**THE INPUT**
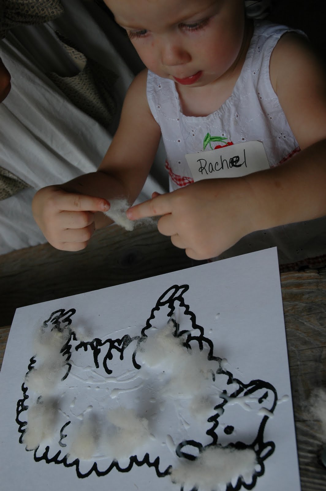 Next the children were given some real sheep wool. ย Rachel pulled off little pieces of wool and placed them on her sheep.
* * *
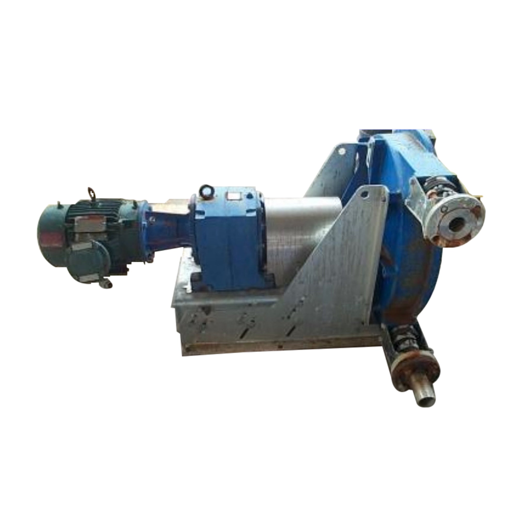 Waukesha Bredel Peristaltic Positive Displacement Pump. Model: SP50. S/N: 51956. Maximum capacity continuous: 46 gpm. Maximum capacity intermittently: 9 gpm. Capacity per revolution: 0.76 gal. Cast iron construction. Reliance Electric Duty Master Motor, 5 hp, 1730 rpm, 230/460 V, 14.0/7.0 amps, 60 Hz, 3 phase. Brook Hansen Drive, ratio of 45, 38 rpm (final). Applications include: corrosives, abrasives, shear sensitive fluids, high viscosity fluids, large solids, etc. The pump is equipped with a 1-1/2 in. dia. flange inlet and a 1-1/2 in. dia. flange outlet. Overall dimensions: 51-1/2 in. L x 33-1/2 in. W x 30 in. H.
...
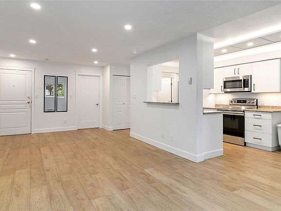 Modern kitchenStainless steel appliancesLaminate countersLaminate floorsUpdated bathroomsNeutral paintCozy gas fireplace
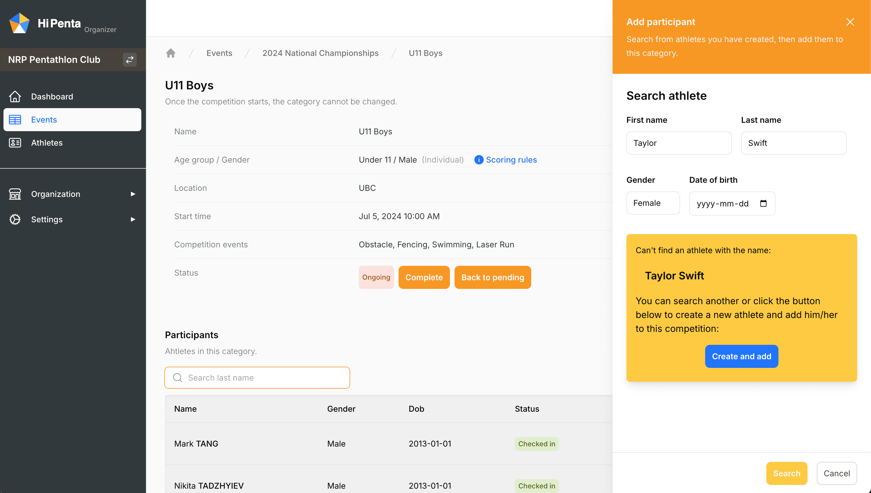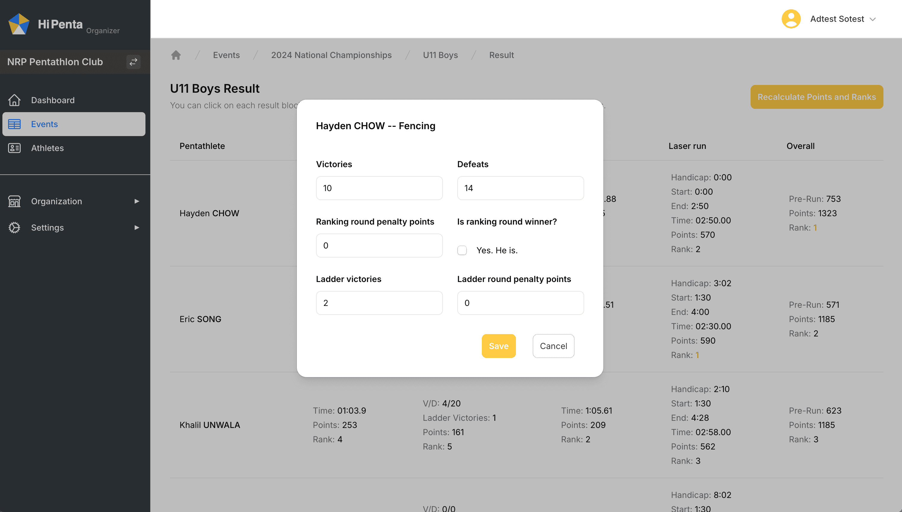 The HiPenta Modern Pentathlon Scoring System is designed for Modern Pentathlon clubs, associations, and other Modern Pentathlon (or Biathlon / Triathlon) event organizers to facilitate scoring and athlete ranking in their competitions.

**WHAT YOU SHOULD DO**
Go to the line above holding "Modern kitchenStainless steel", then copy exactly each line down to and including the one holding "The HiPenta Modern", leaving pictures out.

**EXERCISE SOLUTION**
 Modern kitchenStainless steel appliancesLaminate countersLaminate floorsUpdated bathroomsNeutral paintCozy gas fireplace
 The HiPenta Modern Pentathlon Scoring System is designed for Modern Pentathlon clubs, associations, and other Modern Pentathlon (or Biathlon / Triathlon) event organizers to facilitate scoring and athlete ranking in their competitions.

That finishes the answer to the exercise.